● **WHAT THE EXERCISE ASKS**
Look below for the line containing "Фигурная обманка, имитирующая", then write out that line and every line after it to the end, exactly, minus the pictures.

──────────────────────────────

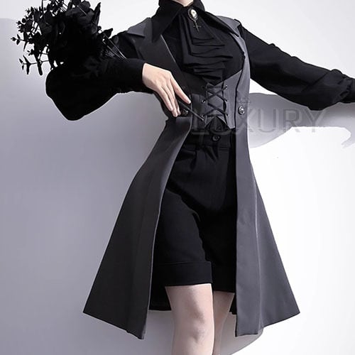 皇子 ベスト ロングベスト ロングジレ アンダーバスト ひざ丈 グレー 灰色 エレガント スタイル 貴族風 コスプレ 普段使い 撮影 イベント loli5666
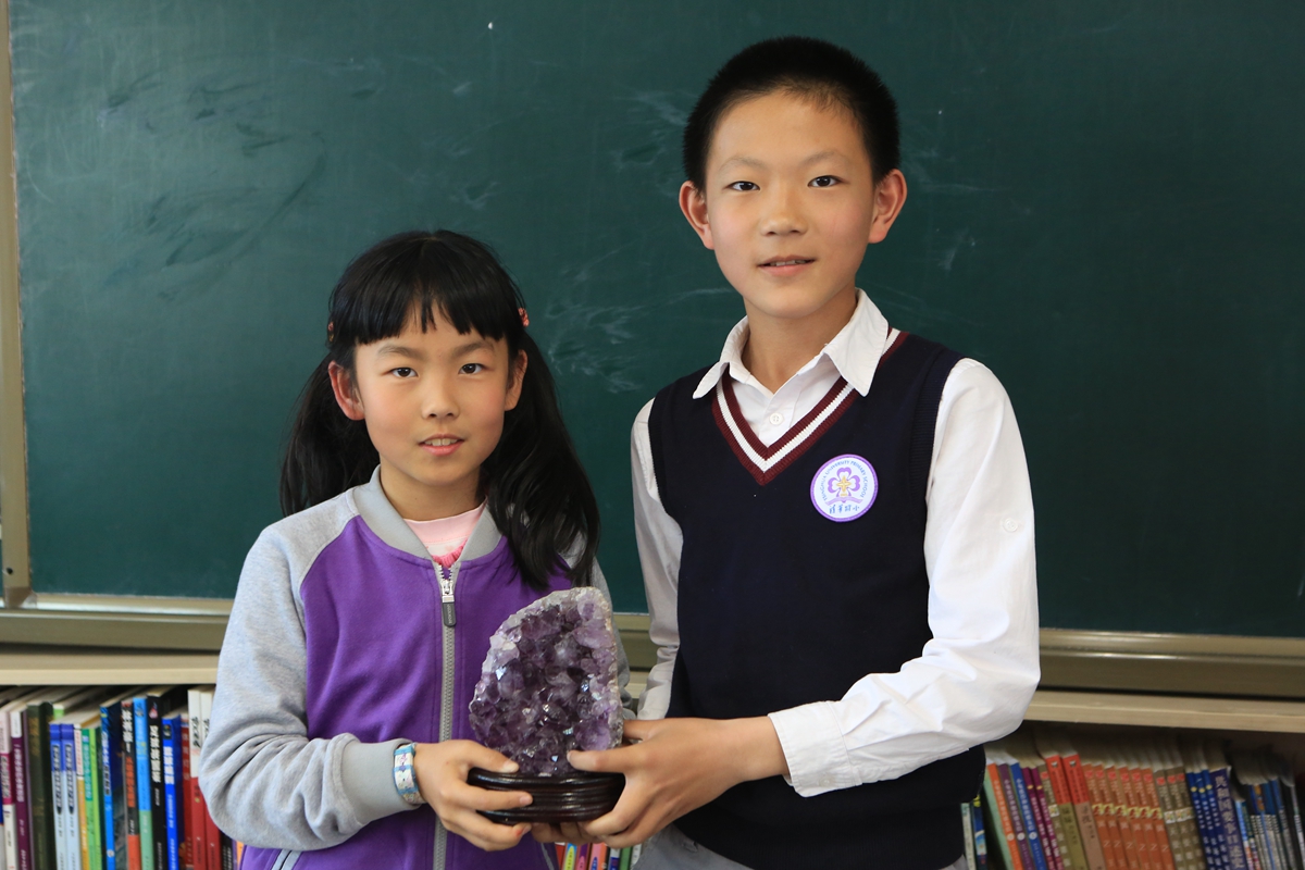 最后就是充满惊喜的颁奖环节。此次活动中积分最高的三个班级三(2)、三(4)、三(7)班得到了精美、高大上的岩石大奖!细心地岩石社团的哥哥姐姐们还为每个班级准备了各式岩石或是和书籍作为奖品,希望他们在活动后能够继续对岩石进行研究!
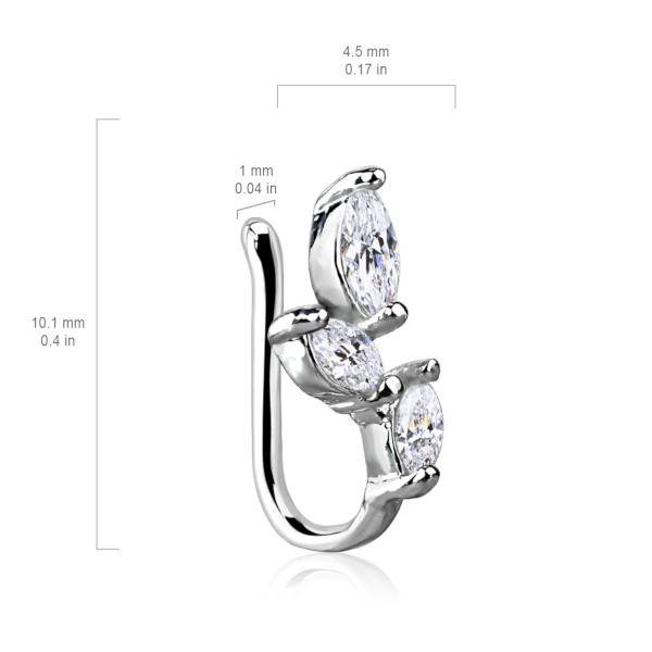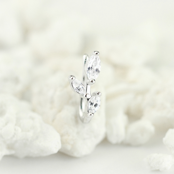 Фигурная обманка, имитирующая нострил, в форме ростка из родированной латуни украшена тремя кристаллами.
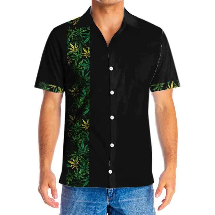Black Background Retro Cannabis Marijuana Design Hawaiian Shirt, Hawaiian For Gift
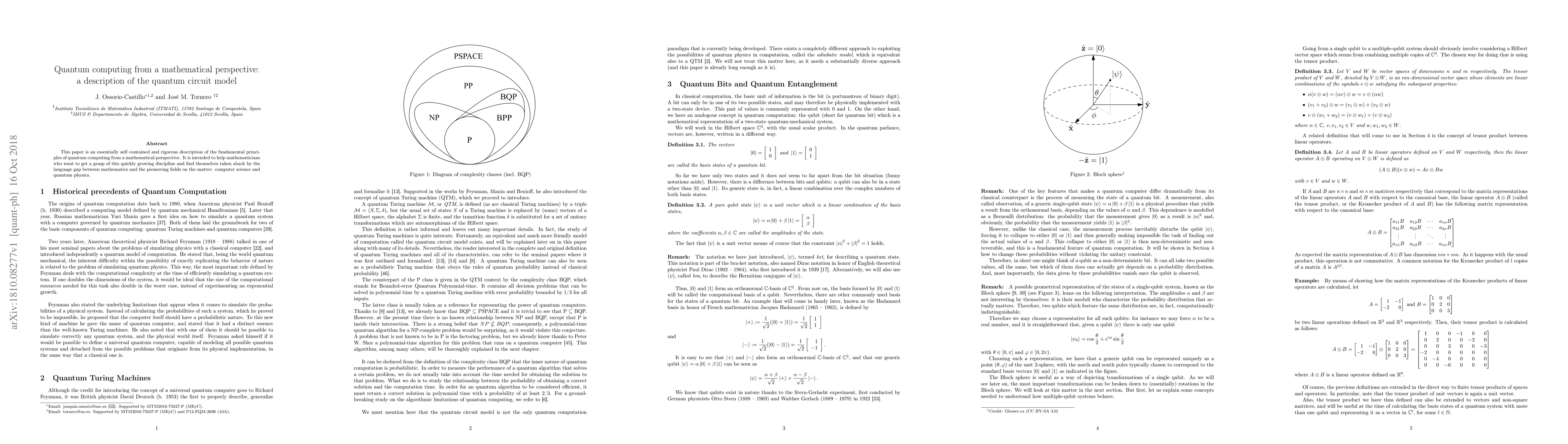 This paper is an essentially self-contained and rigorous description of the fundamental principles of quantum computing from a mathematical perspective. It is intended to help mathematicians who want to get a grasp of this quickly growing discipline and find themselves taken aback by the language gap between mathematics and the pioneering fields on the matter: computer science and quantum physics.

──────────────────────────────

● **TASK RESPONSE**
 Фигурная обманка, имитирующая нострил, в форме ростка из родированной латуни украшена тремя кристаллами.
Black Background Retro Cannabis Marijuana Design Hawaiian Shirt, Hawaiian For Gift
 This paper is an essentially self-contained and rigorous description of the fundamental principles of quantum computing from a mathematical perspective. It is intended to help mathematicians who want to get a grasp of this quickly growing discipline and find themselves taken aback by the language gap between mathematics and the pioneering fields on the matter: computer science and quantum physics.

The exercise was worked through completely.